Updated: May 19, 2020
Difficulty: Low Preparation: 30 min Cooking: 60 min Portion: 4 Persons
Squid (4 squid) 600 g Potatoes 200 g Bread 100 g Whole milk 100 g Fresh spring onion 1 Parmesan cheese to be grated 10 g Marjoram to taste Eggs 1 Extra virgin olive oil 10 g Salt to taste Black pepper to taste
Place the potatoes in a pan with cold water and count about 20-30 minutes from the boil. Once ready (check that they can be easily skewered with a fork), let them cool, then peel them and keep them aside. Proceed by removing the crust from the bread; cut the crumb into pieces and soak it with the milk.

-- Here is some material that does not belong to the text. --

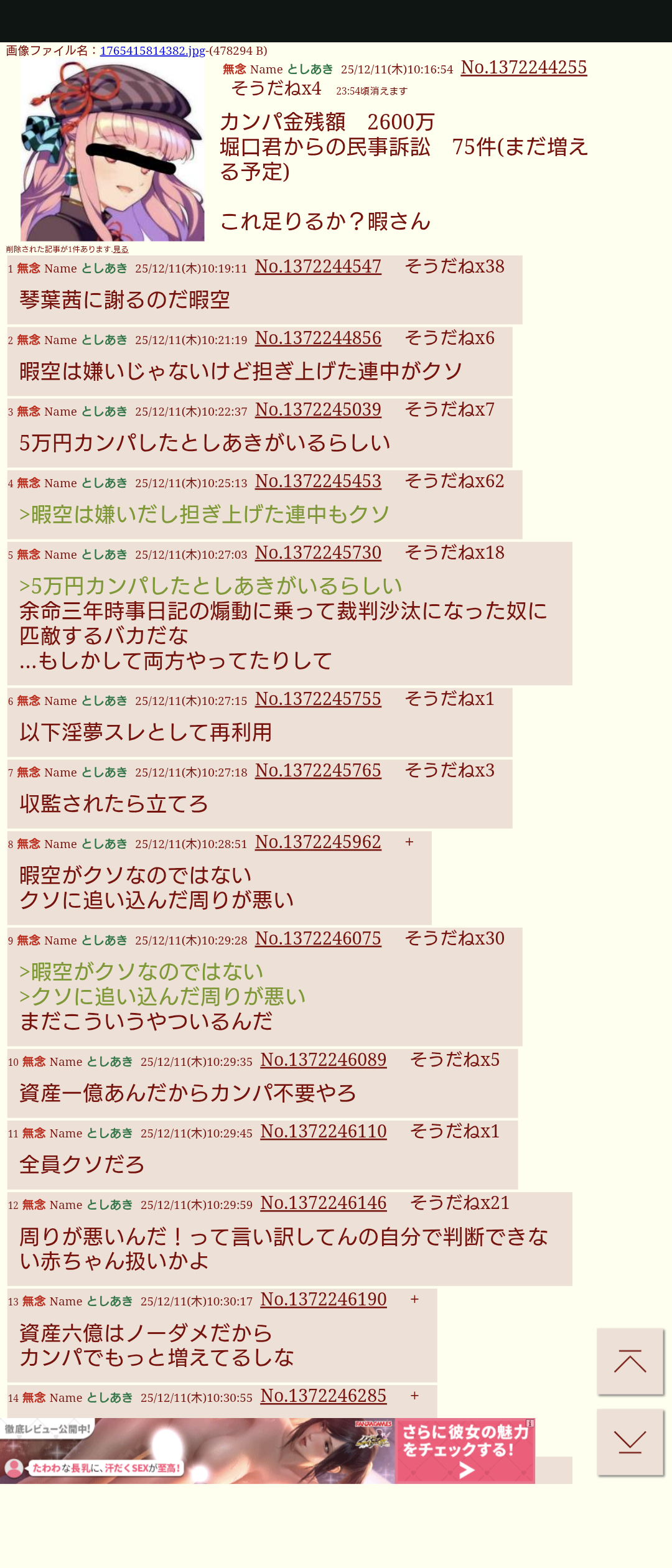 | … | 403無念Nameとしあき25/12/20(土)00:29:38No.1374237694+暇空の妄想を信じるのは荒らしてることになるの? |

Switch to squid cleaning: remove the head and the side "wings" by cutting them off with a knife. Rinse the squid thoroughly, both outside and inside, to eliminate impurities. Chop the wings and the tentacles of the squid; then finely chop the spring onion together with the leaves of marjoram. In a pan heat the extra virgin olive oil, add the chopped onion and marjoram and brown over low heat while stirring occasionally for a few minutes. Then add the chopped fins and tentacles and cook over high heat for a few moments, taking care that the water released by the squid dries completely. At this point, proceed with the preparation of the filling: mash the cold potatoes in a large bowl, add the soaked bread, the minced cooked squid and spring onion, grated Parmesan cheese, salt, pepper and whole egg. Mix everything well and, once all the ingredients are mixed, transfer the mixture into a disposable sac-à-poche. Preheat the oven to 180 ° in static mode, then grease the bottom of a small oven (must contain 4 stuffed squid), stuff the squid with the stuffing up to the edge and place them side by side in the pan. Salt and pepper to taste and finish with a drizzle of oil. Bake in a preheated oven at 180 ° for about 30 minutes. While the squid are cooking in the oven, take care of the accompanying sauce: on my case we have used fresh tomato sauce but you can make accompanying the squids with yogurt and cream, add a drizzle of oil as well, then mix well.
Once the squid is cooked, take it out of the oven and serve by serving each of the squid stuffed in the oven with the accompanying sauce, at your desire.
You can keep the stuffed squid, cooked and cooled, for 1 day in the refrigerator. You can store the stuffed squid stuffing in an airtight container for a maximum of 12 hours. You can freeze everything once cooked and cooled if you have used fresh, not defrosted ingredients.